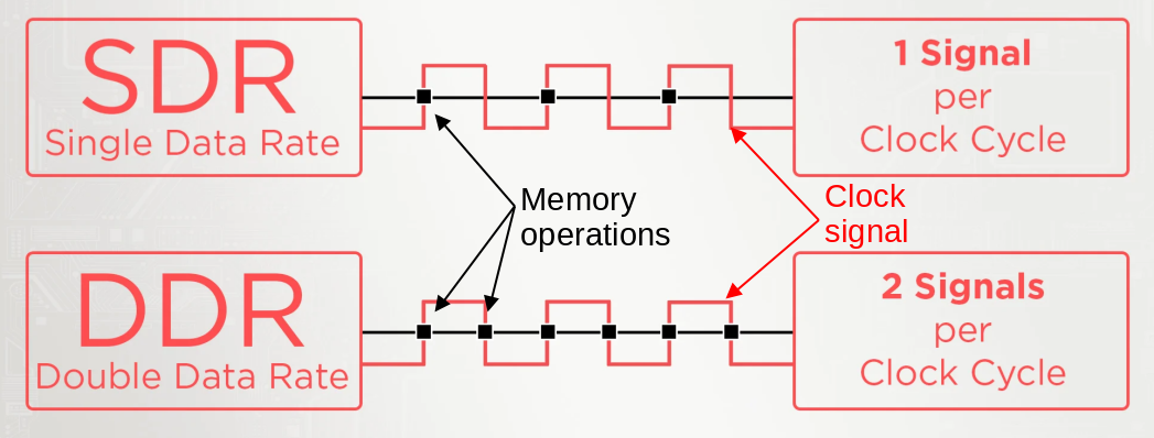 - Double Data Rate: This means that, memory operations occur twice per clock cycle, on both the rising and falling edges of the clock signal. This contrasts with Single Data Rate memory where such operations occur only once per cycle, either always on the rising or always on the falling edges. Figure 14 illustrates this difference.
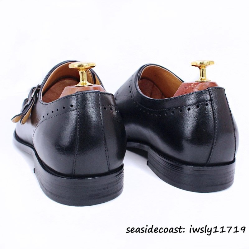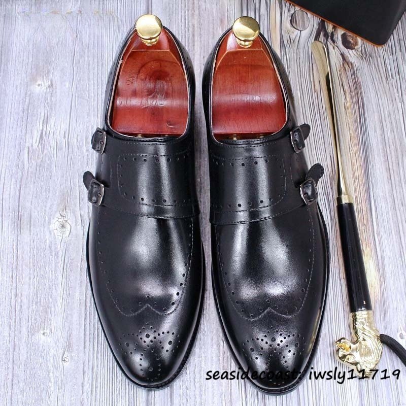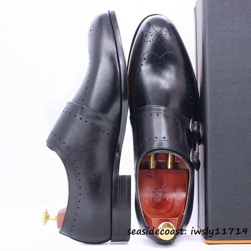 超希少◆定価9万 新品 モンクストラップ メンズ 本革 レザーシューズ 職人手作り 彫り ビジネスシューズ 牛革 紳士靴 革靴 ブラック 24.5cm
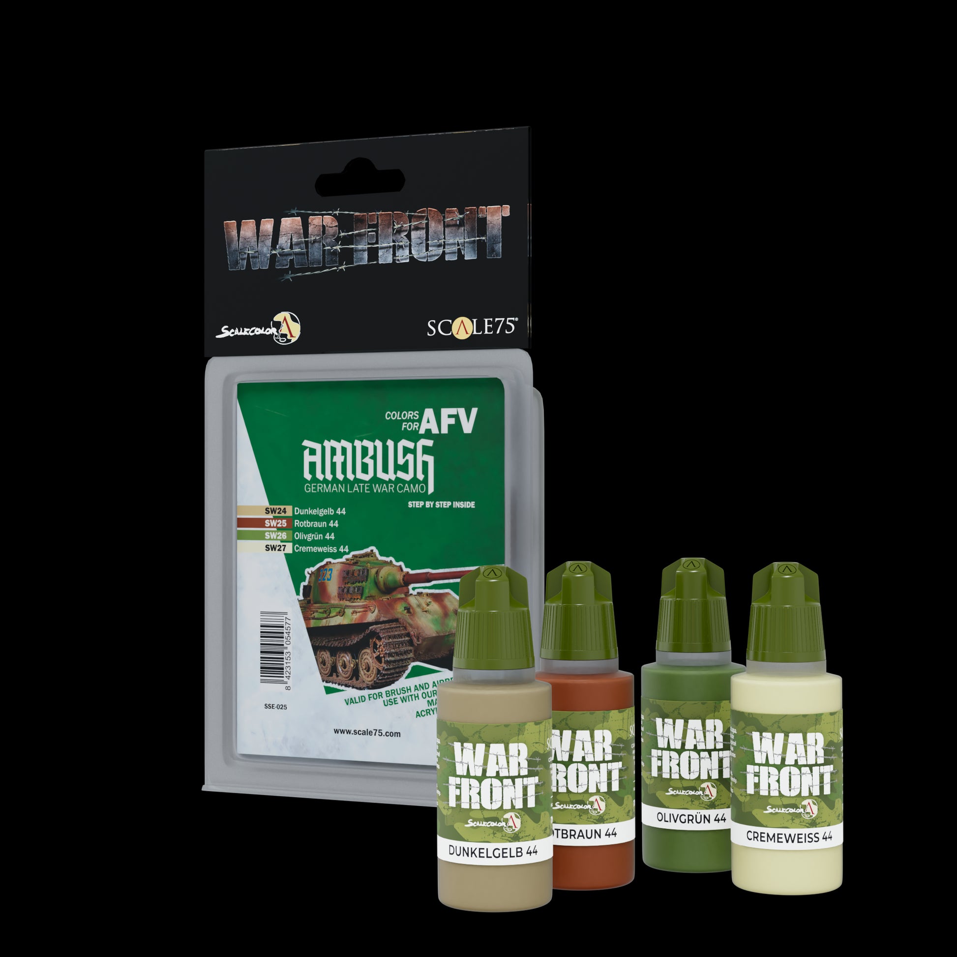 Ambush. Set de 4 pinturas acrílicas acabado mate, con los colores básicos utilizados por los vehículos militares alemanes durante la batalla de las Ardenas y el final de la guerra en 1945. Estas pinturas tienen una gran resistencia y soportan sin problema cualquier técnica de envejecimiento realizada con óleo, pigmentos y lavados enamel. Antes de usar perforar el obturador del bote de pintura. Te recomendamos que introduzcas en el bote una bolita o agitador para facilitar la mezcla de la pintura. Usando una buena dilucion con el thinner acrilico podrás aerografiar perfectamente. Preferible usar boquillas en aerógrafo de 0,4 o diametro superior para un buen rendimiento de la pintura.
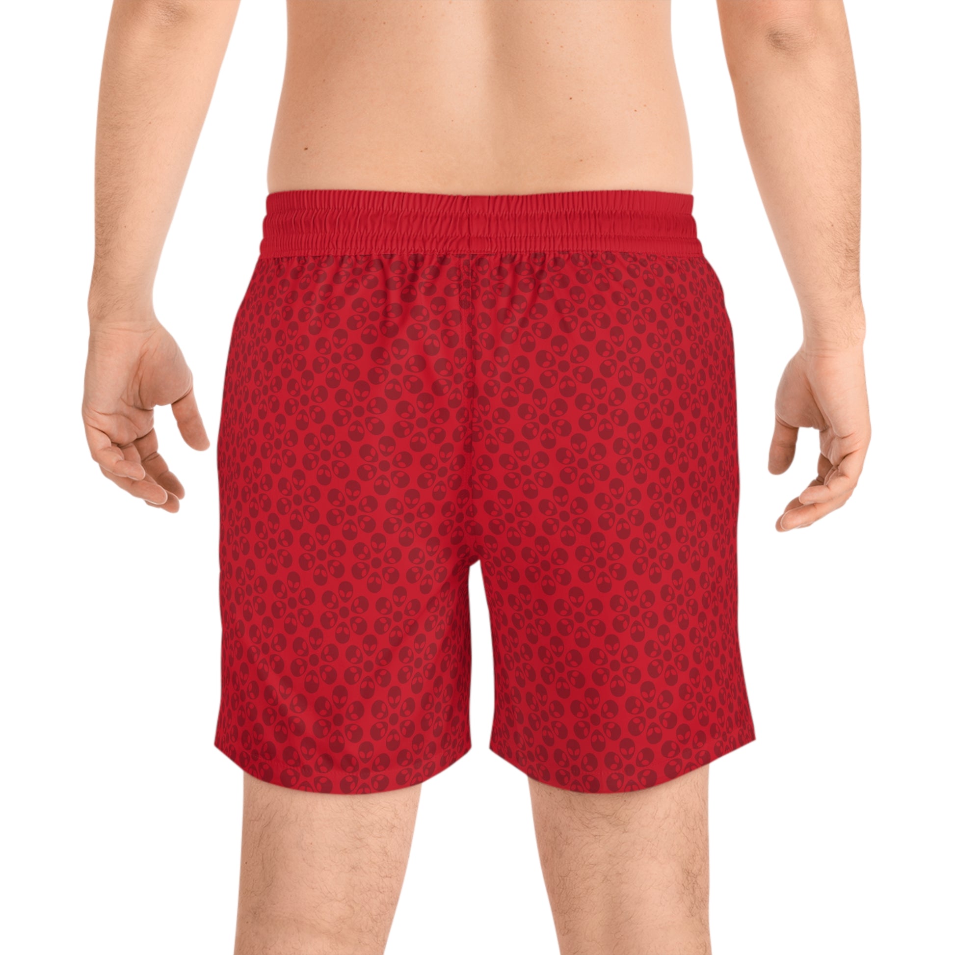 Stylish Mens MidLength Swim Shorts Beachwear Vacation Essentials Poolside Comfort Summer Outfit Trendy Swimwear Alien Flowers Dark Red
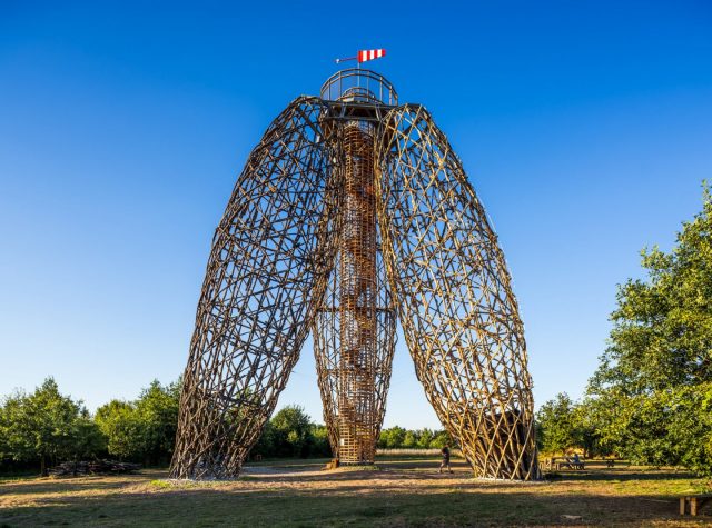 Rozhledna Doubravka ateliéru HAMR Huť architektury Martin Rajniš je výsledkem dlouhodobého experimentování s užitím kmínků při navrhování udržitelné, přírodě blízké architektury a také druhým letošním nominovaným projektem autorů. Ti se při práci na výjimečné zakázce museli utkat s řadou překážek od jejího povolení až po realizaci. Byli úspěšní a Pražané mohou přivítat po sedmdesáti letech novou rozhlednu!//Doubravka Lookout Tower is the result of HAMR Huť architektury Martin Rajniš’s on-going experimentation with bole construction as a means of producing more sustainable structures with reduced carbon footprints. It is also their second nominated work this year. The team supervised by David Kubík dealt with everything from bad weather to a lack of acacia timber to deliver Prague’s first new lookout tower in 70 years.
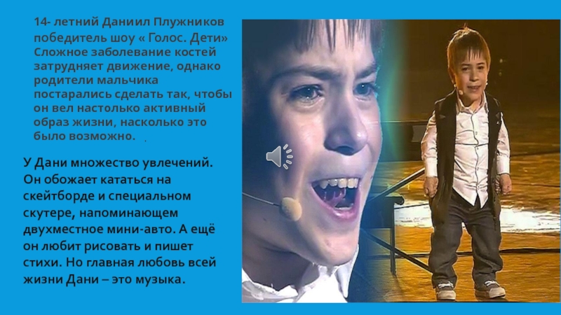 14- летний Даниил Плужников победитель шоу « Голос. Дети» Сложное
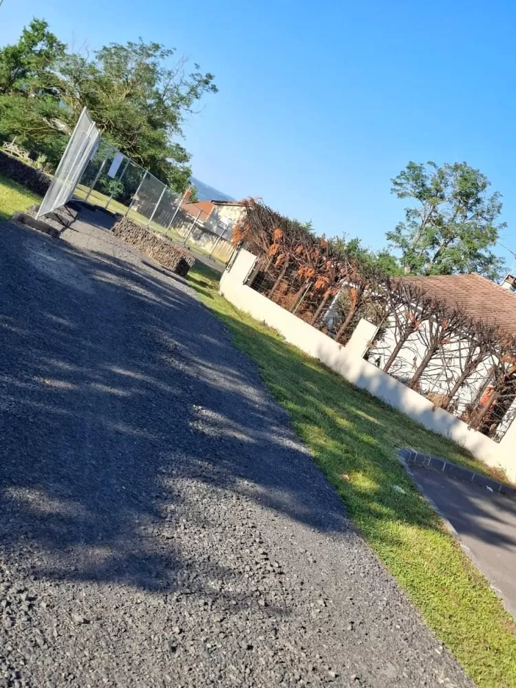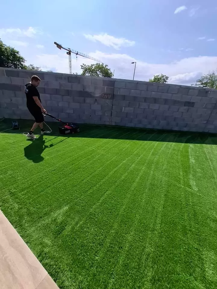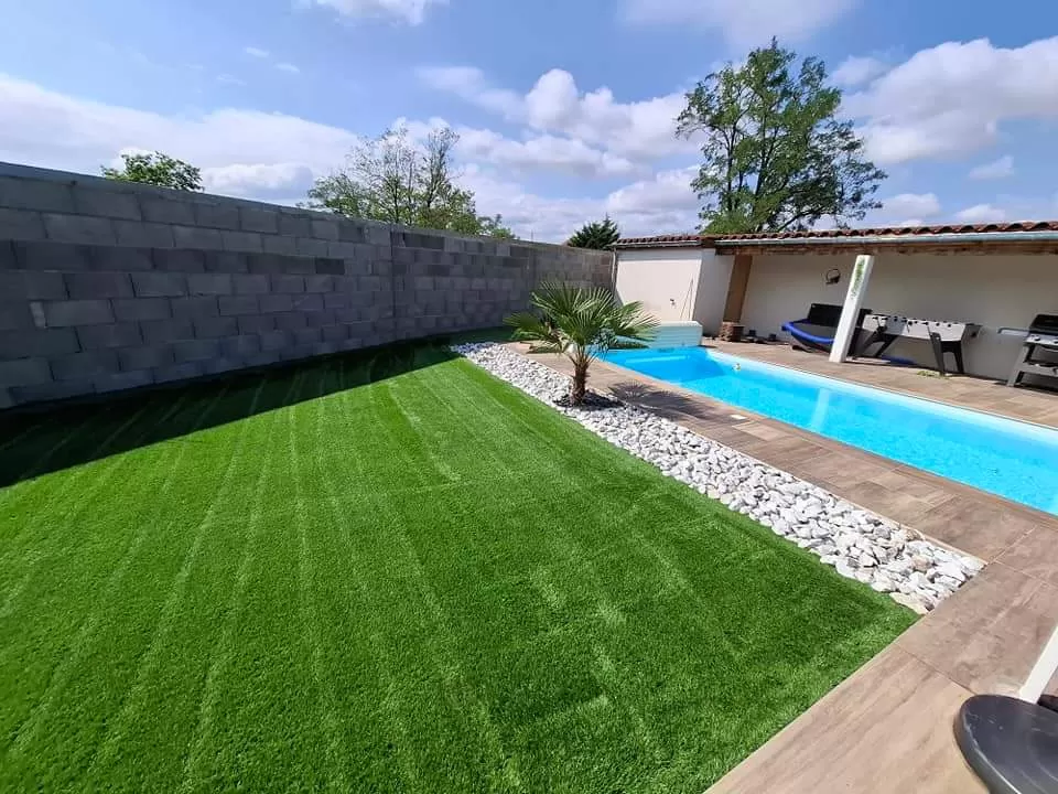 Nous avons terminé le chantier par la pose d 'un gazon en synthétique sur stabilisé .
● ● ● ● ● ● ●
▶ **PROBLEM DETAILS**:
Repeat the exact lines from the first line of the data through the line containing "Ambush. Set de". Nothing else, no pictures.

▶ **EXERCISE RESULT**:
 - Double Data Rate: This means that, memory operations occur twice per clock cycle, on both the rising and falling edges of the clock signal. This contrasts with Single Data Rate memory where such operations occur only once per cycle, either always on the rising or always on the falling edges. Figure 14 illustrates this difference.
 超希少◆定価9万 新品 モンクストラップ メンズ 本革 レザーシューズ 職人手作り 彫り ビジネスシューズ 牛革 紳士靴 革靴 ブラック 24.5cm
 Ambush. Set de 4 pinturas acrílicas acabado mate, con los colores básicos utilizados por los vehículos militares alemanes durante la batalla de las Ardenas y el final de la guerra en 1945. Estas pinturas tienen una gran resistencia y soportan sin problema cualquier técnica de envejecimiento realizada con óleo, pigmentos y lavados enamel. Antes de usar perforar el obturador del bote de pintura. Te recomendamos que introduzcas en el bote una bolita o agitador para facilitar la mezcla de la pintura. Usando una buena dilucion con el thinner acrilico podrás aerografiar perfectamente. Preferible usar boquillas en aerógrafo de 0,4 o diametro superior para un buen rendimiento de la pintura.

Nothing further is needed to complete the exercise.